Apple may have figured out marketing, but let’s not equate that to selling you
as a good to other corporations a and governments. There’s a lot I don’t like
about their model. I think it’s completely Disingenuous to claim that Apple is
paying the App Store developers, as opposed to users buying goods. However
their privacy stance is something that should not be subject to whatBoutisms.

------
kazinator
> _Google use your personal data to put you in a bubble of your own interests.
> Creating illusion of objectivity, it narrows our perspective down and slows
> down the process of personal development._

I don't agree. People want this. Long before computers, let alone Google,
people had no problem in absorbing themselves in themselves and their
interests.

But, wait, really? Google uses my personal data to put me in a bubble of my
own interests? A large chunk of the results for anything I search for are
SEO-d garbage and many are irrelevant in other ways. _That 's_ supposed to be
a bubble consisting of my interests?

> _Google ignores websites privacy. Even if the website owner doesn 't want to
> expose any content for search engines, Google will come, get it, and show it
> on its search results and will make money off it._

Absolute, unadulterated nonsense. The Google spider identifies itself via HTTP
headers. It's trivial to refuse service to specific clients.

Example log:

    
    
      66.249.79.219 - - [23/Jun/2019:15:36:58 -0700] "GET /robots.txt HTTP/1.1" 200 66 "-" "Mozilla/5.0 (compatible; Googlebot/2.1; +http://www.google.com/bot.html)"
    

I could easily set up a filter to turn that into a 404 based on the request
coming from Googlebot. Also note that it's accessing robots.txt.
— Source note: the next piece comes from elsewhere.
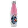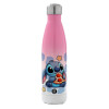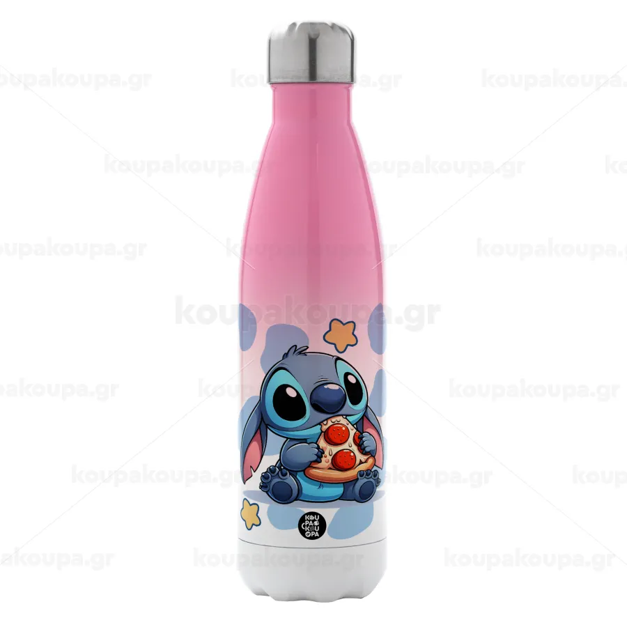 Stitch Pizza, Μεταλλικό παγούρι θερμός Ροζ/Λευκό (Stainless steel), διπλού τοιχώματος, 500ml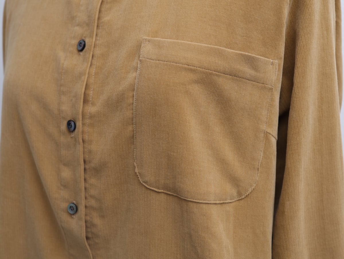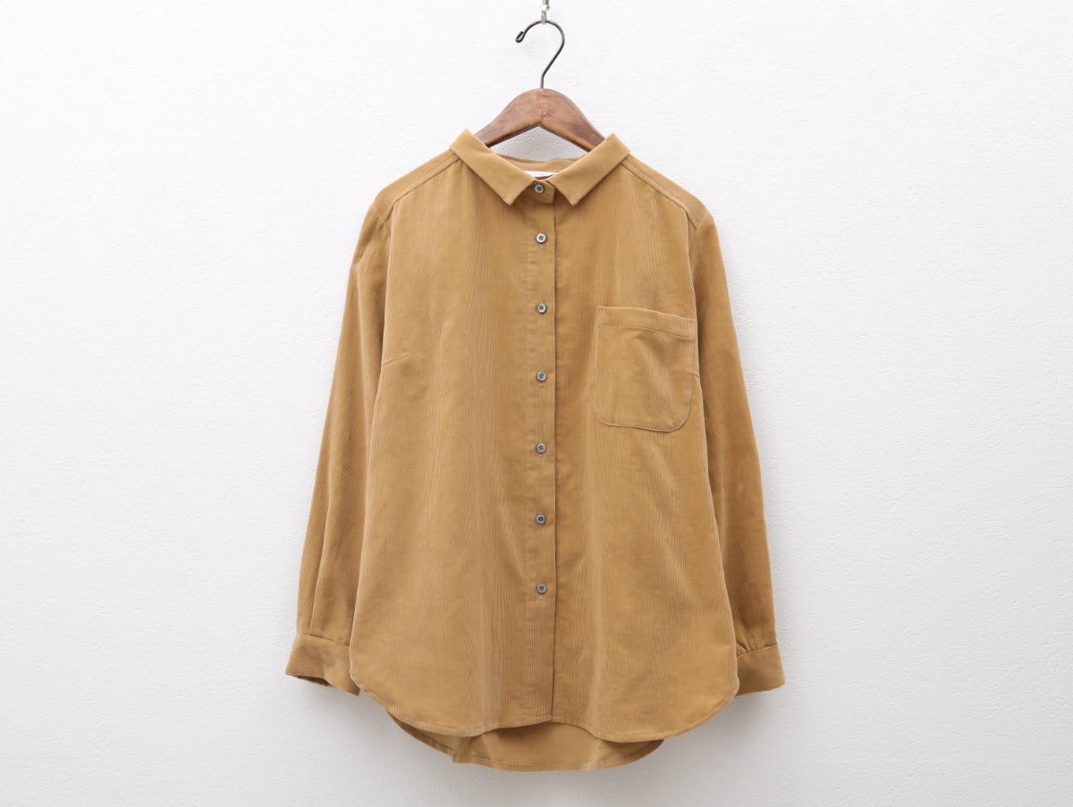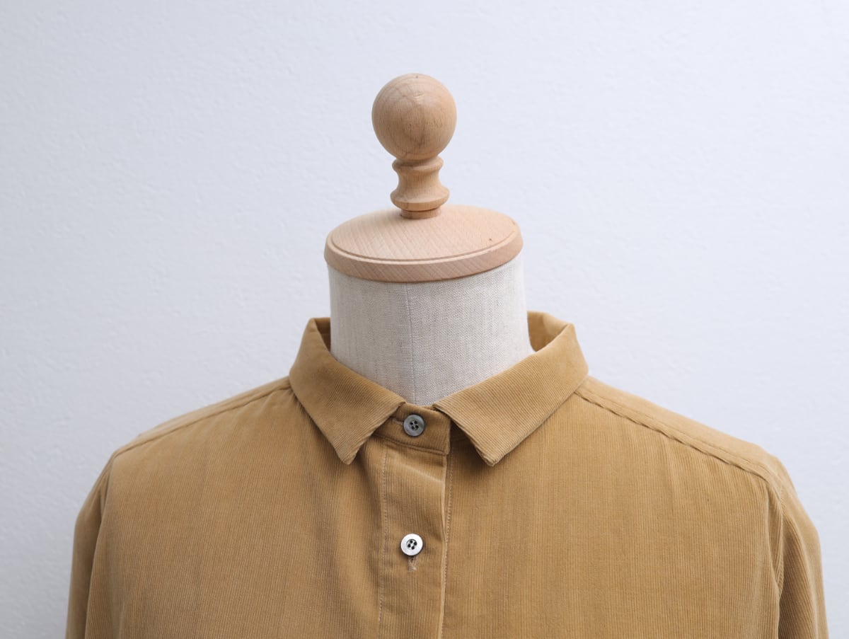 目をぎゅっと詰めて織ったコール天生地は、ふっくらやわらかい落ち感がありカジュアルながら端正なたたずまい。温かい雰囲気で人気のマスタードカラーは京都在住の染色家の手を借りて制作したオリジナルカラーです。スタンダードなシャツながら、やや小さめ襟でかわいらしさを感じる一枚は、さっと羽織るだけで深まる季節をお楽しみいただくことができます。

I don't have
a link to that anywhere; it is spontaneously doing so; why would they if they
had no intention of honoring the content.

I sometimes put private content on a URL to make it easily from somewhere. No
links to it exist; you have to know the URL. I've never had such a thing
accidentally indexed.

If people leave documents in searchable directories, don't use robots.txt and
don't filter out the Google indexer, they shouldn't be surprised if those
documents end up indexed.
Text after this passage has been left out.